And unlike other parts of the ‘five pillars’ plan the Coalition took to the 2013 election, it would take a special kind of incompetence to stuff up this sector (tourism is one of the five ‘services’ pillars, with the other four being manufacturing, agriculture, education and research, and mining).

But that is an important point, given that we’ve seen such incompetence once before.

In 2006 M&C Saatchi created a major global marketing campaign for Tourism Australia featuring Lara Bingle asking the world “where the bloody hell are you?”

The resounding reply was “stepping onto a plane headed somewhere else”.

Though the $180 million campaign was initially hailed as a success, it quickly dawned on the incoming Rudd government that numbers of tourists coming to Australia had fallen and ‘Brand Australia’ was flagging in the global tourism stakes.

From being the ‘most valuable country brand’ in the world in 2008, it gradually slipped to sixth place by 2012-13 in the FutureBrand Country Brand Index.

Without Bingle-style blunder, however, the structural forces driving Australian tourism make continued growth virtually assured.

Assured, yes, but we could do much better. The industry thinks another major marketing push is needed – not so much in the Bingle mold, but more in line with the highly effective Paul Hogan ‘put another shrimp on the barbie’ campaign that ran between 1984 and 1990.

But who could dazzle overseas audiences with Hogan’s understated humour?

Clive Palmer, perhaps, saying he’ll slip another dozen shrimps on the barbie?

Or how about Scott Morrison wading ashore on a beach asking “Where the bloody hell are your papers?”

Perhaps not.

But something must be done, according to the industry.
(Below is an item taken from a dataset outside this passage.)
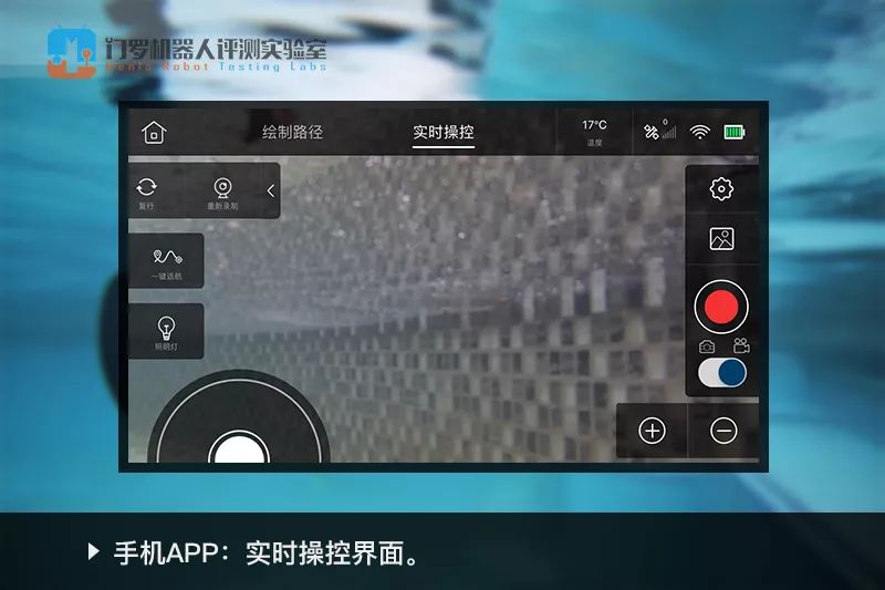 在实时操控界面的左侧,由上至下分布着“记忆路径”、“一键返航”、“照明灯”等按键以及“虚拟摇杆”。右侧分布着“设置”、“相册”、“拍摄”、“拍照/录像”和“加减速”等按键。而在主界面顶部,则是“HOME”、“绘制路径”、“实时操控”等界面的切换按钮,以及水温、GPS信号强度、Wi-Fi信号强度、电量等数据。

A study released last month found that for each dollar spent on marketing Australia as a tourism destination, up to $16 would be added to the Australian economy.

Moreover, failing to ramp up our marketing efforts will see Australia fall even lower down the international league tables, according to the industry’s peak body, the Tourism and Transport Forum.
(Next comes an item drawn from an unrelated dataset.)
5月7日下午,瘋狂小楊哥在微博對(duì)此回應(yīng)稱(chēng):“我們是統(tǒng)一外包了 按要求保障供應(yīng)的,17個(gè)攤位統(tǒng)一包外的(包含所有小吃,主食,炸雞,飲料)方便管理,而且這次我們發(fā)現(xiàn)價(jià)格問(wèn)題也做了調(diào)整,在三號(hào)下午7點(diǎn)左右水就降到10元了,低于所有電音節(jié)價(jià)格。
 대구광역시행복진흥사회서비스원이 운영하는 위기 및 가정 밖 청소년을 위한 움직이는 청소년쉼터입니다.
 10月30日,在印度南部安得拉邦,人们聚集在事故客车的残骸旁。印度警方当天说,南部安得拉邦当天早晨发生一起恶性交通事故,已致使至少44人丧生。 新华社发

The forum is worried that the ‘Tourism 2020’ strategy agreed to by state and federal governments in 2011, needs strengthening on the marketing side.

TTF said last week that “Australia is missing out on billions in additional economic benefit, with new figures showing visitor spending is tracking below the bottom end of the Tourism 2020 targets”.
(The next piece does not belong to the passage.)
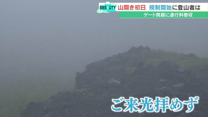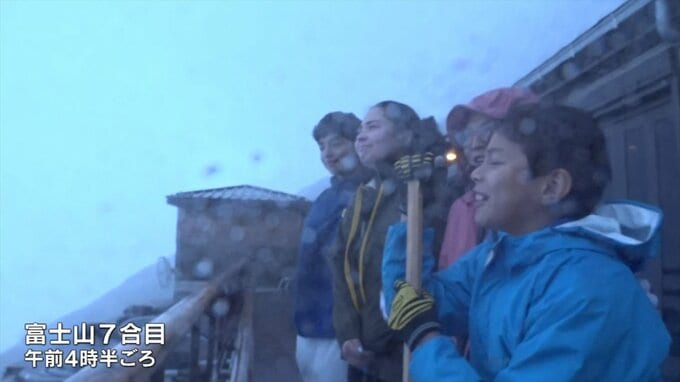 「本来、ご来光が見える時間ですが、きょうは雲がかかっていて見ることができません。」

TTF acting chief executive Trent Zimmerman said: “A business as usual approach to tourism is simply not enough to reach the Tourism 2020 targets ...

“Additional government investment in tourism marketing is required to ensure Australia does not lose market share to countries that have not only recognised tourism’s potential to drive economic activity, create jobs and provide future prosperity, but have invested in tourism marketing and the infrastructure required to make that happen.”

The industry also wants to see a dedicated tourism minister, as was the case under Labor.

The portfolio currently falls to minister for trade and investment Andrew Robb, but the pressures of that role saw him miss a major industry conference in early July to attend meetings in Beijing -- leaving industry figures furious that another minister was not at least sent in his place.

That was an obvious oversight for an industry estimated to add around $82 billion to the economy at present, and one that with the right support had the potential to double in nominal value between 2010 and 2020 (see chart below).


Graph for Could a 'Clive-zilla' help sell Australia?

Marketing initiatives of recent years have not had the cut-through of the legendary Hoges ads, but despite its detractors, the film ‘Australia’ by Baz Luhrmann provided the launch pad for a fairly successful ‘Come walkabout’ campaign by Tourism Australia in 2008.

Because it piggy-backed on the movie, that campaign did significantly better on the PR side than on the advertising side – it cost just $0.28 to reach 1,000 people via the global PR campaign, compared with $1.50 to reach the same number via paid advertising.

Is there a moral in that story? Is it worth ramping up advertising without launching a hit movie at the same time?

Both Paul Hogan’s ‘Crocodile Dundee’ in 1986 and Luhrmann’s ‘Australia’ in 2008 broke box office records in the US.

So do we need a new hit movie to get things moving again?

‘Clive-zilla and the PUPs that ate Canberra’ might just do it.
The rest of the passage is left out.